Despite his hunger, the food didn’t taste right. He dumped his in a recycler and watched Abby eat. She always seemed so centered. Even when she feared the worst, he saw no sel
f-doubt, none of the anxious uncertainty that burned inside him. Just like Izmit, she never seemed to question what drove her. Why was he so different from them?
“When did you know?” Kellen asked, blurting out the question.
“Know what?”
“You were a Lighter. One of the Four.”
She looked away for a moment. “I always knew. My family talked about it when I was a child. Before I was two, I was taking things apart and trying to put them back together.” She brushed her hair from her eyes. “They protected me, told folks I was just a bright kid. But everyone in the neighborhood knew. Knows. It’s a widely held secret.”
He marveled it had been so easy for her. Her life was infused with love, acceptance, things he could only envy.
She smiled. “And you?”
“I grew up in Grand-Mère. No one told me until kids in school saw my drawings and started calling me names. My fourth year. I didn’t stop, though. I couldn’t. My parents ignored it, but they never treated me like a normal kid. They always kept their distance. They were disappointed.”
Abby’s gaze never left his as he spoke.
“Later, I met some others like me. A Digger named Cesar and a Singer, Pearl.”
“What happened with them?”
He hadn’t planned on speaking of these things. He’d done everything he could to suppress those memories, and now here he was, dredging them up again, and with them more hurt than he cared to endure.
He cleared his throat. “Things didn’t work out. I moved to King City before the war started and the trains shut down. Somewhere no one knew me. I made sure my real art would be hard to see.”

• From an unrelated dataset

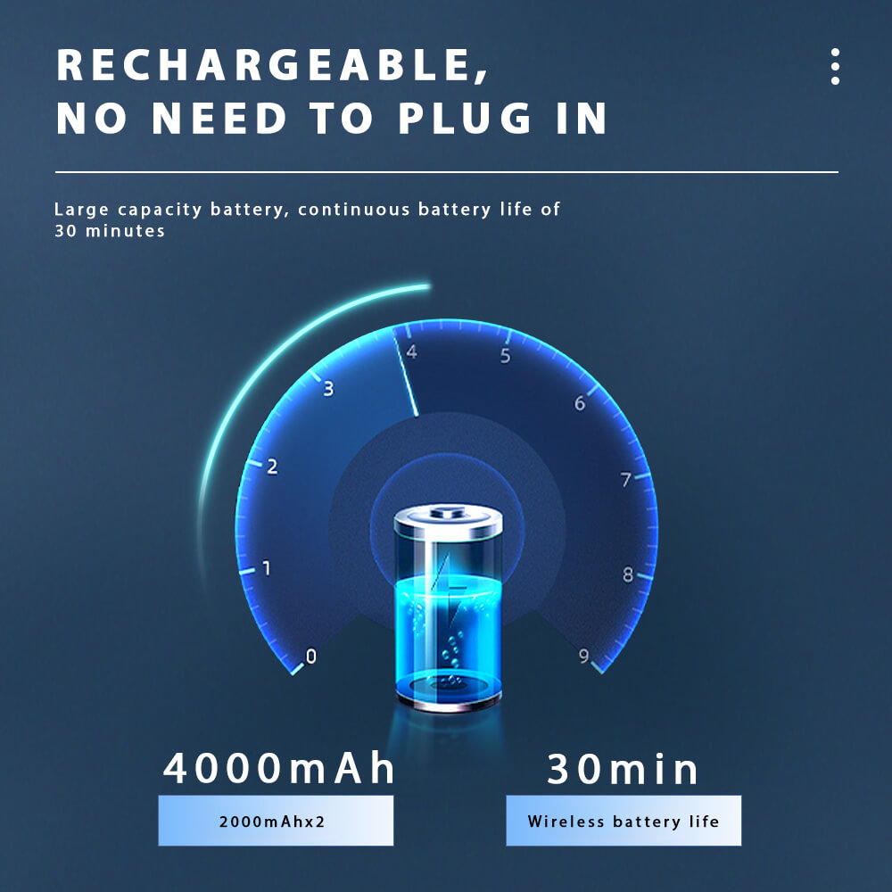 - Wireless & USB Rechargeable: Built-in 4000mAh battery, can work continuously for 30 minutes.
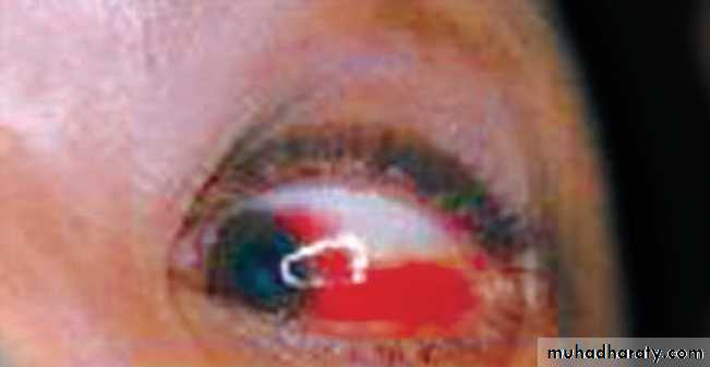 4. Subconjunctival hemorrhage will be observed at the outer canthus.

“You switched cities?” she asked, eyes wide. “That was a brave thing to do. I could never leave.” She laughed and turned back to her food.
Not brave, Kellen thought. Desperate.
Kellen fiddled with his chopsticks as Abby finished. The other diners had dissipated, and the cook hunkered back for a smoke.
“Time to go,” Abby said.
The building was open when they returned. Kellen heard voices. Caution urged him to stop, rethink this, but Abby had already entered. He hurried to follow. They sat in the back of a sparsely occupied amphitheater.